Problem 2: LINE did not use the automatic STT pipeline

Symptom	Fix
The model says it cannot read the audio attachment	LINE voice arrives as a media attachment, not through `tools.media.audio`, so `before_prompt_build` must explicitly tell the agent to call `mai_transcribe`

Problem 3: `tools.media.audio` was enabled but no transcription happened

Symptom	Fix
`enabled: true` is set but the CLI never runs	Configure a CLI model in both `tools.media.models` and `tools.media.audio.models` if your OpenClaw build expects both locations

Problem 4: Azure Speech is not Azure AI Foundry

Symptom	Fix
Calling the Speech API with an AI Foundry key returns 401	MAI-Transcribe-1 requires an Azure Speech resource with `kind: SpeechServices`, which is a separate service with its own key and endpoint

When these failures show up in production, trace and diagnose transcription failures with Azure AI Foundry to inspect the full request payload and the Speech API response.
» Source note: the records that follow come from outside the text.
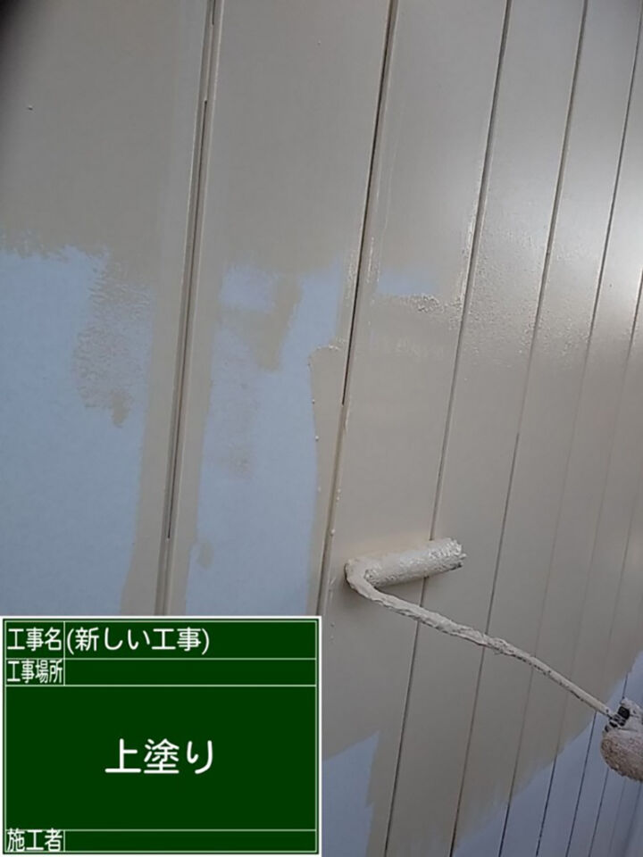 金属サイディング外壁、上塗り塗装1回目が終わりました
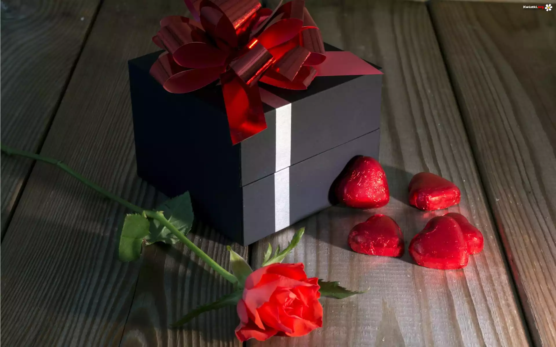 Kwiat Róża, Serduszka, Czekoladowe, Paczka, Ławka, Walentynki
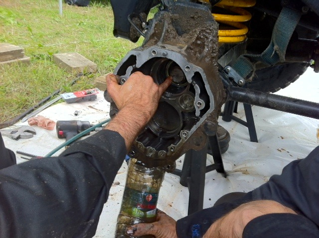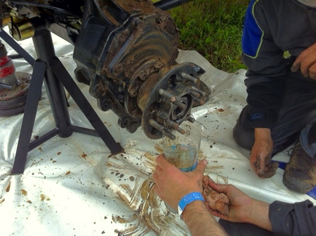 However, the replacement axle is a different one, so the gear ratio is not the same as the front axle and the differential needs to be changed as well. The mechanics still have a few hours of work to do before the car is ready to go again.
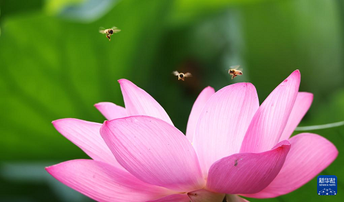 7月22日在山东省枣庄市东湖公园拍摄的荷花。(新华社发 孙中喆 摄)
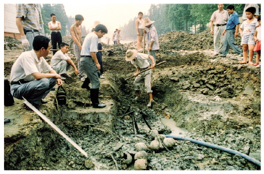 1998年8月18日,在一處建筑工地深挖過程中,意外挖出41個人頭骨和大量肢骨,現(xiàn)場散發(fā)刺鼻氣味。侵華日軍南京大屠殺遇難同胞紀念館時任館長朱成山,當時正在外地出差,一通電話后,他立即趕回南京。
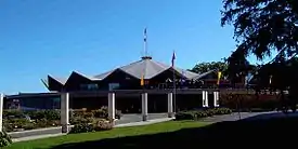 Fundraising to build a permanent theatre was slow but was helped significantly by donations from Governor General Vincent Massey and the Perth Mutual Insurance Company. The new Festival Theatre was dedicated on 30 June 1957, with seating for over 1,800 people; no seats are more than 65 feet from the stage. The design was deliberately intended to resemble a huge tent.[8] That season's productions included Hamlet, Twelfth Night, the satirical My Fur Lady, The Turn of the Screw and Ibsen's Peer Gynt.
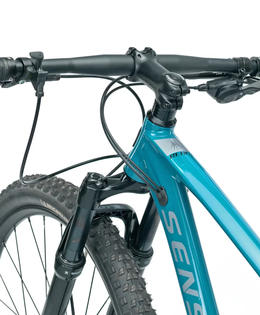 O quadro da bicicleta possui tubos com furos específicos por onde os cabos do canote dropper são passados internamente. Isso protege os cabos de sujeira, detritos e possíveis danos
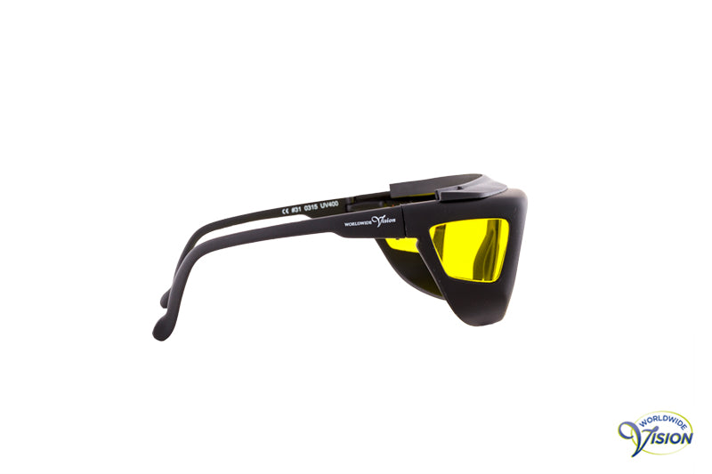 Spectra-Shield 450 fitover sun/side filter glasses (small model), 100% protection against UV-a, b and c radiation up to 400 Nm, yellow lenses and sides with black frame, allows 87% light through, including pouch. Suitable for sun-ski-sport and people with glaucoma, pre-cataract and night blindness.
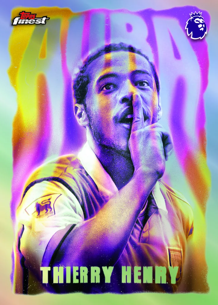 Aura is an insert all about presence. These are the players who have the “It” factor. Thierry Henry, Roy Keane, Didier Drogba, Bukayo Saka, and more all appear on these case-hit cards that demand attention.
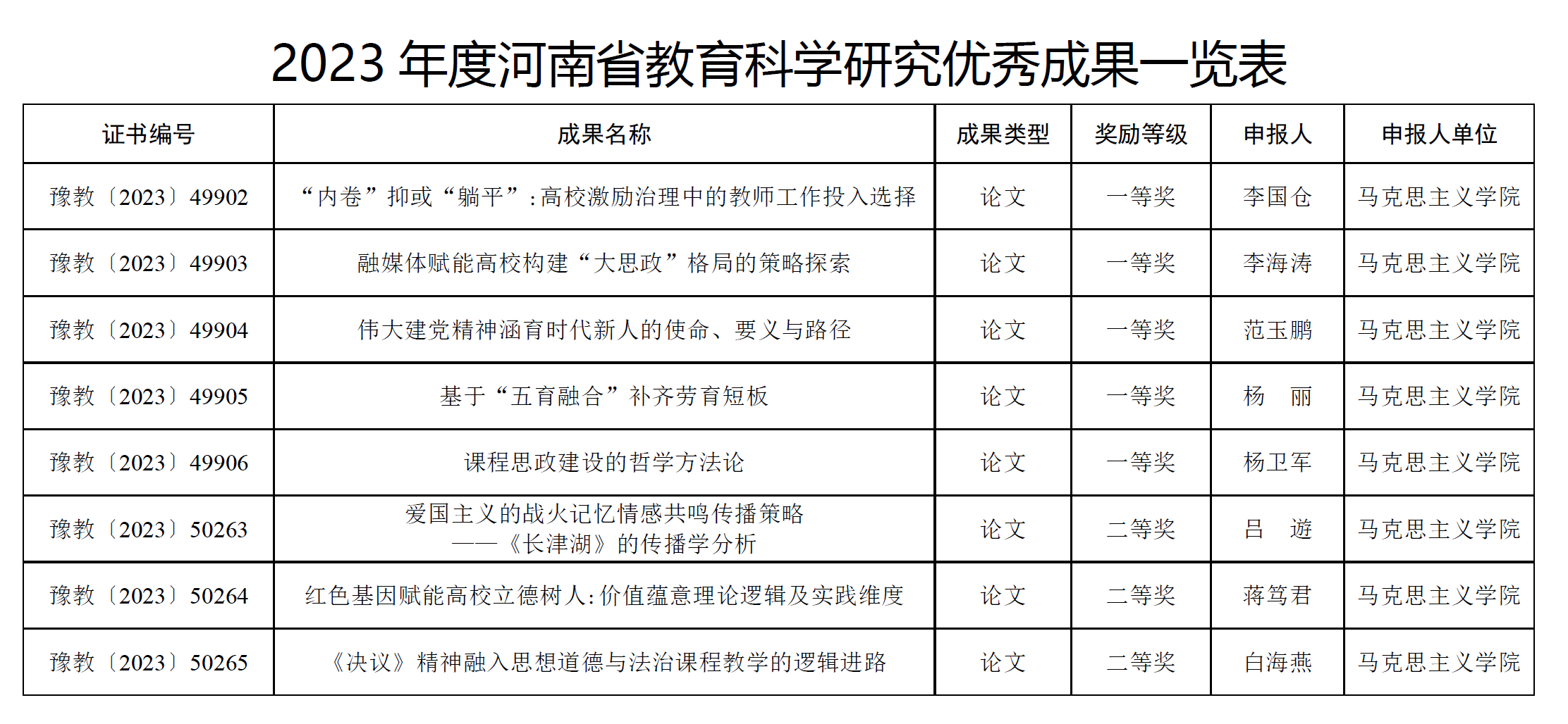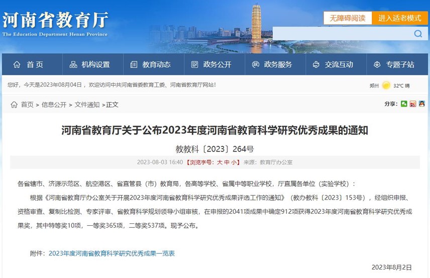 8月3日,河南省教育厅发布《关于公布2023年度河南省教育科学研究优秀成果的通知》(教教科〔2023〕264号)。经组织申报、资格审查、复制比检测、专家评审、省教育科学规划领导小组审核,在申报的2041项成果中确定912项获得2023年度河南省教育科学研究优秀成果奖。微密圈

Voice Format Matrix by Platform

Platform	Format	Needs `ffmpeg`	Storage path
Telegram	OGG Opus (`.oga`)	No	`~/.openclaw/media/inbound/`
WhatsApp	OGG Opus (`.ogg`)	No	`~/.openclaw/media/inbound/`
LINE	M4A AAC (`.m4a`)	Yes	`/tmp/openclaw/line-media-*.m4a`

Cost

Item	Cost
Speech resource (`S0`)	No monthly base fee
MAI-Transcribe-1	$0.36 per audio hour
Typical family usage	About 5 to 10 voice notes per day at roughly 10 seconds each, which lands near 1 hour per month
Estimated monthly total	Less than $0.36

That is roughly on par with OpenAI Whisper pricing, but the operational advantage is that everything stays in Azure with the same Key Vault and deployment story.

Why This Shape Works

The integration comes down to four moving parts:

Use Bicep to deploy Azure Speech and store the key in Key Vault.
Use a CLI script to call the REST API and normalize formats with ffmpeg.
Use a plugin to register the tool and teach the agent to transcribe before reasoning.
Use two configuration paths: the automatic media pipeline for Telegram and WhatsApp, and the explicit tool path for LINE.

The biggest lesson was that voice is not one feature. Each channel packages and routes it differently. LINE does not enter the same pipeline as Telegram and WhatsApp, and its M4A payloads are not always accepted as-is. Once those two differences were handled directly, the rest of the integration became much more predictable.